Some others notes posted:

arms straight the whole way--and if you cant keep arms straight you have to widen the grip and/or get a longer broomstick (dont be gripping the broomstick with tights fists--let it roll thru your fingers if it has to as you go up and back)--i only hold onto it with my middle and pointer fingers and thumb

Id plan ahead tyson and do it around working shoulders--id skip the day before maybe and skip the day after but do it after working shoulders (while still warmed up--maybe when you got home from gym) and then on all the other days

----------


## bass

it works for me too and i always recommend it,

http://www.youtube.com/watch?v=dNill...rom=PL&index=2

----------


## mad04007

so ive been dealin with a seperated a/c joint in my shoulder since november 09. i couldnt do chest or shoulder workouts without pain and 2 weeks off between workouts! i read about this excersise on another forum about a week ago...thought hell ill try it. 1st couple days...nothin much just sore in the shoulder...now after a week and a half...this excerise is no efin joke!! no pain in my joint at all when i lift anymore...its unreal!! i am able to do all my lifts no probs and no pain! i just cant beleive it works this well!! a lifting life saver!! 

its hard as hell to get through 50 reps...but wow.. 

if u have shoulder probs...joints, rotator cuff...etc... DO THIS EXCERISE.. 2 weeks...bam!

----------


## NC600cbr

Good lord. After doing this I realize I really need to start stretching out more often. 

Between my shoulders and hamstrings I gotta add stretching badly.

----------


## fattymcbutterpants

"Do you know whats good for shoulder pain?
If you lick my butthole."
lol just thought id add a nice stepbrothers quote in.

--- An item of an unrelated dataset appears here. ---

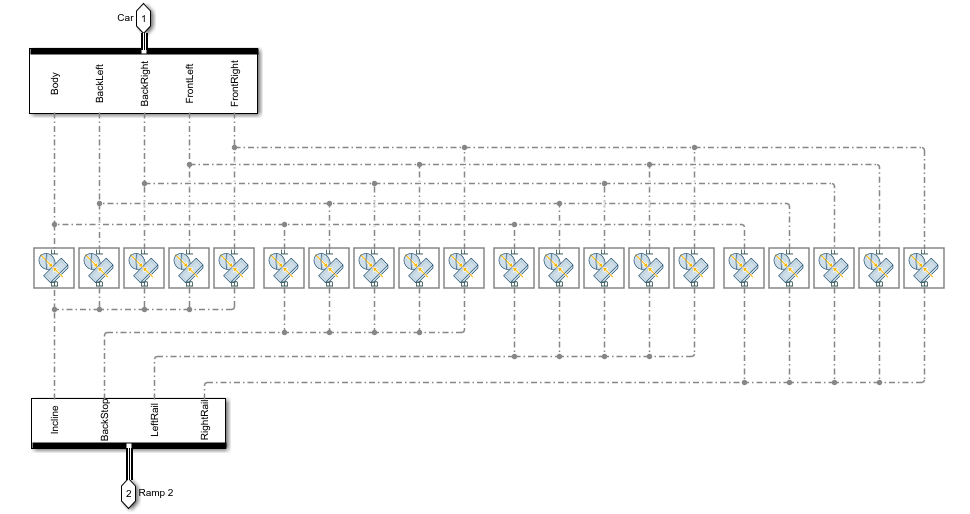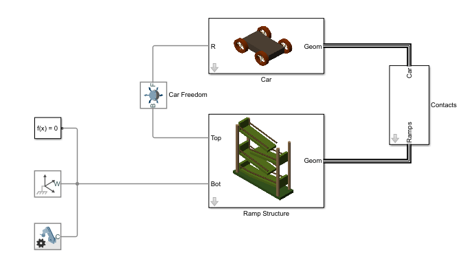 Модель выполнена из двух конструкций: Car и Ramp Structure. Блоки пространственной контактной силы, которые используются для моделирования контактных сил между каждым колесом автомобиля и пандусами, размещены в Car to Ramp подсистем.

But on a serious note im gonna try some of this stuff out.

----------


## bass

another stretching exercise that helped me the most is this,

http://www.youtube.com/watch?v=scBJWKbUGX0

----------


## Regular guy

Thanks guys for the shoulder stretches.

----------


## lovbyts

> it works for me too and i always recommend it,
> 
> http://www.youtube.com/watch?v=dNill...rom=PL&index=2


I really need to remember to do this more often. I have seen the video several time but always forget about it.  :Frown:  Maybe I should just add it to my calender on my phone?  :Smilie: 

I also do many of the other LIGHT exercise with cable for my shoulder and it has helped a lot. I will add this one and start tonight.  :Smilie: 

Do you think it's OK to do EVERY day or maybe 3x a week?

----------


## rsnake21

im def gonna try this out cuz my shoulder just started giving me problems.i have now when i lift and i was gonna ask if i should quit working shoulders all together until it went away. but im gonna try this first.

----------


## thetruthc32

did anyone else notice how ripped that guys ****in back was ?

----------


## pskyle

Thanks a lot for this post...the more stretches I learn the more it helps with preventing injuries and helping my exercises.

----------


## cherrydrpepper

THIS NEEDS TO BE STICKIED

I have had a rotator cuff injury that is over 10 years old and persisted to bother me until a few months ago when I said enough is enough and started doing my own rehab program. I am reaching a point where I can do overhead press exercises with legitimate weight thanks to this exercise that I do with a broomstick. 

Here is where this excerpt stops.